Aqui entram algumas observações interessantes, porque o “princípio coesivo” que mantém alguma coisa unida foi chamado pelos gregos de “amor”. Aquilo que mantém alguma coisa unida tem essa qualidade, a qualidade amorosa. Se alguma coisa está junto da outra, ao fato de elas estarem juntas chamamos amor. O amor é o que une; portanto, não o que separa. É o que atrai uma coisa à outra – que pode ser uma pessoa, uma ideia, uma casa, uma paisagem, um projeto, o que quer que seja.

O amor é a busca dos contatos, é a superação dos antagonismos. É união. Tudo o que une traz a marca de Eros.

E, no momento em que alguma coisa gruda, forma um Cosmo, forma uma ordem. Essa é a noção mais primitiva de Eros, e a compreensão mais primária, mais primitiva do Cosmo.”

Não seria esse o estofo também da cultura e da boa política: a busca do conhecimento por meio da imaginação, do desejo de entender o outro, os outros e o mundo?
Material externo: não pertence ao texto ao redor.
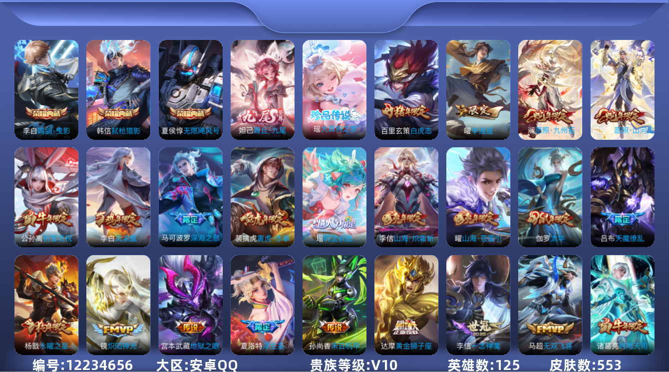 [12234656]V10 3典藏 1无双 1珍品传说 81传说 125英雄 553皮肤 可修改实名 优质装备:无限飓风号(高达),鸣剑·曳影,弑枪猎影(韩信典藏),青丘·九尾(妲己无双),大耳狗之梦,黄金狮子座,黄金射手座,冠军飞将,云鹰飞将(小将军),绛天战甲(鸡嘴战神),黄金白羊座,猫影幻舞,久胜战神,炽阳神光,一念神魔,云霓雀翎,末日机甲-孙尚香(绿蚂蚱),音你心动-小乔,零号·赤焰,地狱之眼,飞鸢探春,音你心动-周瑜,胖达荣荣,李逍遥,乞巧织情,时之恋人-刘备(电焊工),游龙清影(小青龙),淬星耀世,超时空战士-狄仁杰,遇见胡旋,花朝如约(花篮子),挚爱之约,挚爱花嫁,无双飞将,音你闪耀(rap皮),碎云,天秀幻梦,神器·狴犴令,山海·炽霜斩(李信年限),山海·琳琅生(小乔年限),山海·苍雷引(电光曜子),炽翼辉光(娃娃菜牛角包),燃星之曲,画中仙,浮生妄,记忆之芯(机甲兔),青丘·九尾,百相守梦(张飞),追逃游戏(亚瑟),追逃游戏(安琪拉),电玩·雷克斯,鹤羽星尊,灼幽烈阳,妄想实况,遇见神鼓,艾琳觅芳踪,涂山容容 传说皮:幻光神枪 珍宝阁皮:优雅恋人,女武神,玩趣恶龙 限定皮:愿照·九州拓(澜年限),愿照·山河定(司空震年限),鸣野蒿,至尊宝,白虎志(电光耗子),凤求凰(白切鸡),凤凰于飞,太华(伽罗年限),梅西,武陵仙君(小桃花),异界灵契(白毛香),傲雪梅枪,补天,寅虎·展翼(孙膑年限),前尘镜,星穹之声,绯月行,时之彼端,白鹤梁神女,白晶晶,时雨天司(水龙头),神威(电光马子),飞衡(韩信年限),玄嵩(庄周年限),山海·碧波行(瑶年限),无限倾心-项羽,瑞麟志(木兰年限),遇见飞天,高山流水,诗剑行,无限倾心-虞姬,齐天大圣,匿光决锋者,怒海麟威,降魔,五谷丰年,青龙志(铠年限),冰锋战神,幽恒(沐浴露),武圣,天狼运算者,游园惊梦,梁祝,御风骁将(吕布年限),天狼狩猎者,龙胆,逐梦之翼,逐梦之星,烈魂,岱宗(典韦年限),天狼溯光者,虎魄,逐梦之音,天狼征服者,奔雷神使(牛魔年限),祈雪灵祝(雪兔子),天狼绘梦者,李小龙,逐梦之影,逐梦之光,玄武志(苏烈年限),朱雀志(守约年限),永曜之星,辉光之辰,如梦令-嫦娥,如梦令-后羿,霸王别姬-项羽,霸王别姬-虞姬,圣诞老人,奇迹圣诞,默契交锋-兰陵王,默契交锋-花木兰,真爱至上,纯白花嫁,孙行者,猪悟能,一生所爱,

Na excelente biografia de um dos pais do comunismo, Friedrich Engels, escrita por Gustav Mayer e editada pela Boitempo, lemos: “Com seu vigor, discernimento seguro e desejo natural de encontrar seu lugar, ele abriu mão de suas horas de lazer para se dedicar ao estudo da literatura inglesa da época…E a leitura cuidadosa da história inglesa o ajudou a formar uma compreensão mais profunda da Inglaterra contemporânea e, assim, uma visão mais clara do seu futuro”.

Muito interessante notar que Engels, rico empresário, intelectual notável e – junto com o conterrâneo Karl Marx – redator do Manifesto Comunista, foi buscar na literatura a chave de compreensão da sociedade inglesa, para onde se transferira, com a desculpa de cuidar de uma das fábricas do pai, mas na verdade em busca de conhecer os mecanismos de dominação e as formas de supressão dos mesmos pela classe trabalhadora.
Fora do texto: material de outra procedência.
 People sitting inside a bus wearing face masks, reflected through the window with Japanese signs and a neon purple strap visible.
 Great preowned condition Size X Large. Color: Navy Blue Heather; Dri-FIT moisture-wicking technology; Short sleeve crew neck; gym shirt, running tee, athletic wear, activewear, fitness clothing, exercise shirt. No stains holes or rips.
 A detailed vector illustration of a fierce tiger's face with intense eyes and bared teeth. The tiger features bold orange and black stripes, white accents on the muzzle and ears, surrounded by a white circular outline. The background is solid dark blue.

Ao lado disso, para compreender o presente e imaginar o futuro, pesquisou o passado, a história inglesa, buscando sistematizar padrões e comportamentos de uma sociedade, então, extremamente desigual.

Pode valer como dica para o Brasil: entender os padrões culturais de dominação que se repetem, buscar sua superação e projetar um futuro mais justo, desejável e amoroso.
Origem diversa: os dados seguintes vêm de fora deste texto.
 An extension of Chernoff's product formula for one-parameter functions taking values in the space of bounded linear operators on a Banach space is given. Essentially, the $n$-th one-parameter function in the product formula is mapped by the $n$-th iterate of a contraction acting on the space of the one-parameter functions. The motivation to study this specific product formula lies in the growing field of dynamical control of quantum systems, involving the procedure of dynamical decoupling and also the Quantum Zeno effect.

Nas eleições municipais, parece que conseguimos um maior “espelhamento” do eleitorado: maior número de mulheres eleitas, negras, negros, indígenas, gays e transexuais.

No “espírito do tempo” (“zeitgeist” para os alemães), o eleitorado do Equador assim também se manifestou no primeiro turno das recentes eleições presidenciais, pois pode levar à segunda volta um candidato de esquerda e um indígena. Não é nada pouco, ao contrário, é muitíssimo conhecimento e imaginação no poder!